He is patient. He can wait.
In the meantime, Lenares is the great danger. She seeks to close the hole in the world, despite having taken advantage of
it. Ironic, this. She had managed to ensnare the Daughter by tying something—Husk is not exactly sure what it is she tied—to
someone beyond the wall. Husk does not know who, though Lenares herself is convinced it is her dead foster mother. Her use
of mathematics was flawed, but it worked nonetheless. Lenares has tapped into her own source of power, drawing on it unwittingly
to help her to capture the Daughter for a time; and, worryingly, may draw on it again, perhaps accidentally interfering with
his plans. It is unlikely she will learn how to harness her power, especially given the logical, mathematical cast to her
mind and its associated limits. However unlikely, Husk cannot risk her interference. He must find some way to eliminate her.
No elaborate revenge, no desire to inflict pain; he just wants an end to her.
Another question nags at him. Has he any further need for his spikes? Arathé, Conal and Duon have served him well but, unless
his new-found power is totally severed, he no longer needs them. In fact, he continues to expend energy to keep hold of them
that he could better use to strengthen himself. And it is not as though his spikes are of much use to him. Conal is blinded
in one eye and in all his opinions, and his recent possession by the Father has rendered him untrust-worthy. Imagine if the
Father seized the lad’s mind while Husk was in possession of it! Arathé is becoming increasingly wary of the voice in her
head, and is devising ever-cleverer ways of keeping him out. And Duon is trying to deceive him. A futile attempt—Husk can
read the outer layers of the minds of those he has spiked—but it makes the Amaqi captain, of whom he had high hopes, less
dependable.
Husk had supposed the huanu stone would aid him in defeating the Destroyer, but now wonders even at this. The stone is now
as much a risk to himself as it is to the Destroyer. It could undo the magic keeping him alive, could sever the supply of
power from beyond the wall. And it is now beyond his reach, sewn into the lining of a pack left behind on the Conch, which is probably a good thing. Too dangerous to allow his enemies access to something that could do him so much damage.

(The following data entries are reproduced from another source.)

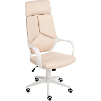 General description The DELIGHT Office Chair in Light Beige faux leather combines ergonomic design with contemporary style, making it a chic and comfortable addition to any study or home office. The chair features a tilting backrest and adjustable seat height, allowing for personalized comfort. Its high back with a headrest promotes healthy posture during extended periods of sitting. Upholstered in soft, easy-to-clean faux leather, this chair is both sleek and comfortable. Technical specifications Product Type: Office Chair Style: Minimalist General Color: Light Beige Main Material: Faux Leather (100% PVC Leather) Legs Material: Synthetic Material Seat Material: Faux Leather Dimensions: Armrests Height: 20 cm, Depth: 64 cm, Seat Height: 42-52 cm, Width: 64 cm, Height: 116-126 cm, Seating Surface: 52x48 cm Weight: 13 kg Weight Capacity: 120 kg Features: 360° Swivel, Smooth Rolling Castors, Pneumatic Seat Height Adjustment, Safety Brake Function Installation Full assembly required
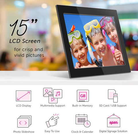 Aluratek 15" LCD Digital Photo Frame w/4GB Built-In Mem & USB SD/SDHC Support (ADMPF315F) Sale
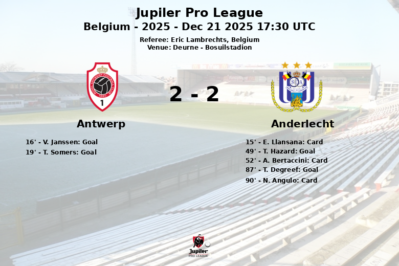 Antwerp took an early lead, with V. Janssen scoring from a penalty in the 16th minute. Three minutes later, T. Somers extended the lead with a goal after an assist from C. Scott, making the score 2 to 0. Anderlecht reacted in the second half, with T. Hazard also scoring from a penalty in the 49th minute. The match remained even and hard-fought until, in the 87th minute, T. Degreef equalized the score with a goal that sealed the draw.
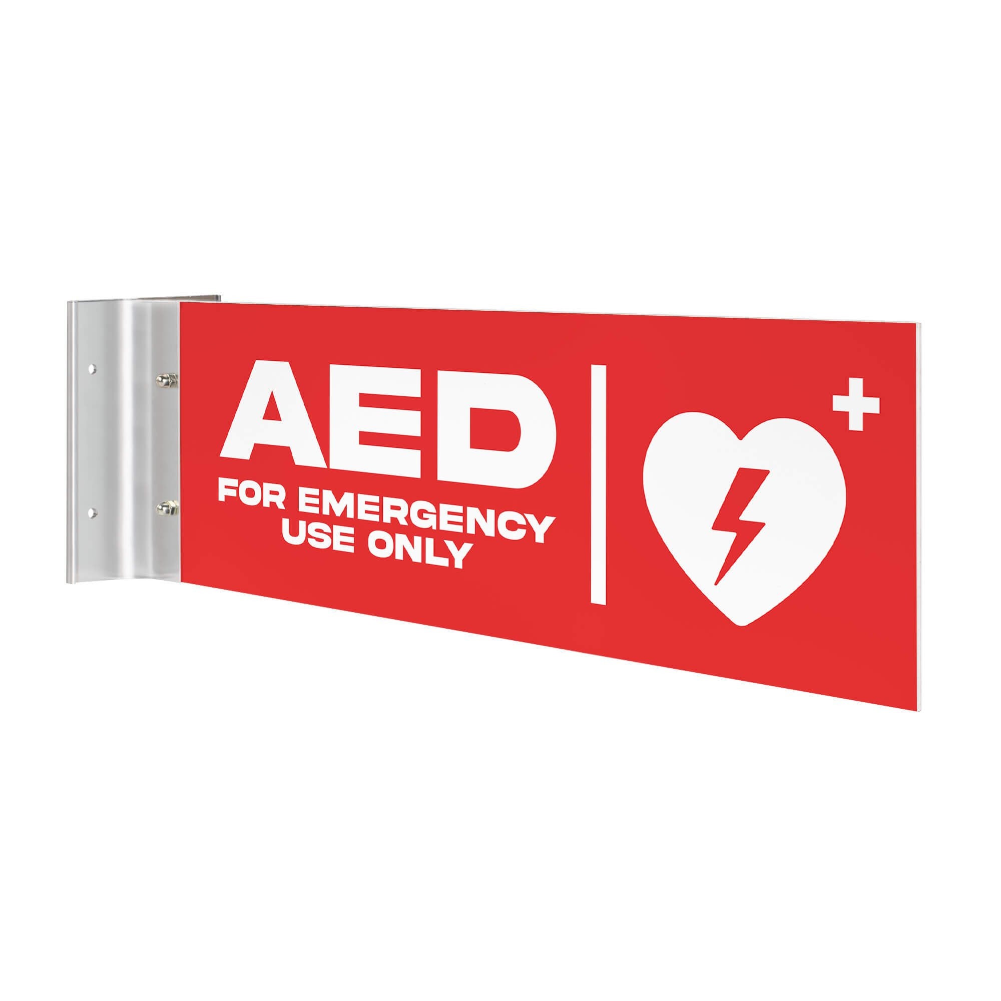 This AED projection sign reinforces that the equipment is intended for emergency use only, helping prevent misuse while ensuring fast identification during critical moments.
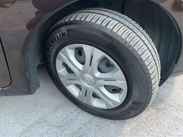 14インチタイヤと純正ホイールカバー。高い走破性と低燃費を兼ね備えたエコタイヤを採用しています
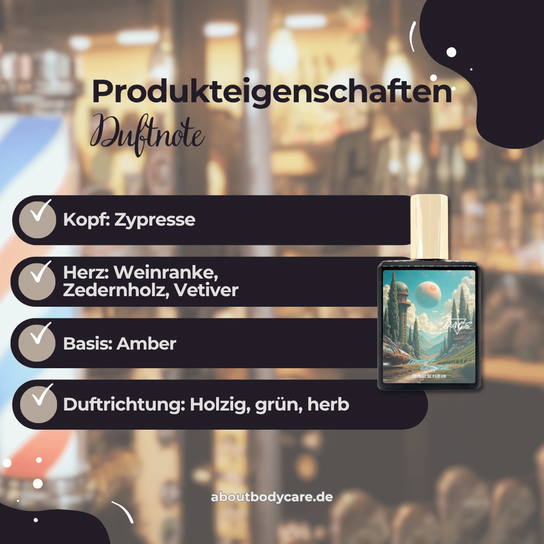 Intensives Extrait de Parfum Orbit Grove mit langem Halt, frischer Zypressenauftakt, grün und holzig im Charakter, mit warmer Amber-Basis. Handgefertigt in Griechenland, ergiebig in der Anwendung, markant im Auftritt. Kein Mainstream, sondern ein individueller Duft mit Tiefgang.

The same logic can be applied to the immortal blood he had planned to drain from Stella. Not yet in his possession, and just
as likely could be used to promote someone else to the ranks of the deathless. With his own conduit to the raw power of the
void, Husk need not risk the problematic—and painful—immortality offered by the blood. Maybe he needs to keep the blood and
the stone away from Andratan. The only difficulty with this line of thought is his inability to prevent them being brought
north regardless. With bravery and intelligence he has set all this in motion, and now it appears he is powerless to stop
it.
Husk frowns with newly restored facial muscles. Now there are two ways to become immortal his options have increased, so he
ought not to be feeling the anxiety as strongly as he does. Thump, thump, thump goes his heart. His blood hisses through his
veins and threatens to erupt from the tips of his fingers. The bubble and fizz of fearful thoughts must be resisted or they
will—unman him. But it is so hard, despite the fact he is familiar with despair. Desperation has shaped him over the foggy
decades of pain, yet despair is so much sharper now he has real hope.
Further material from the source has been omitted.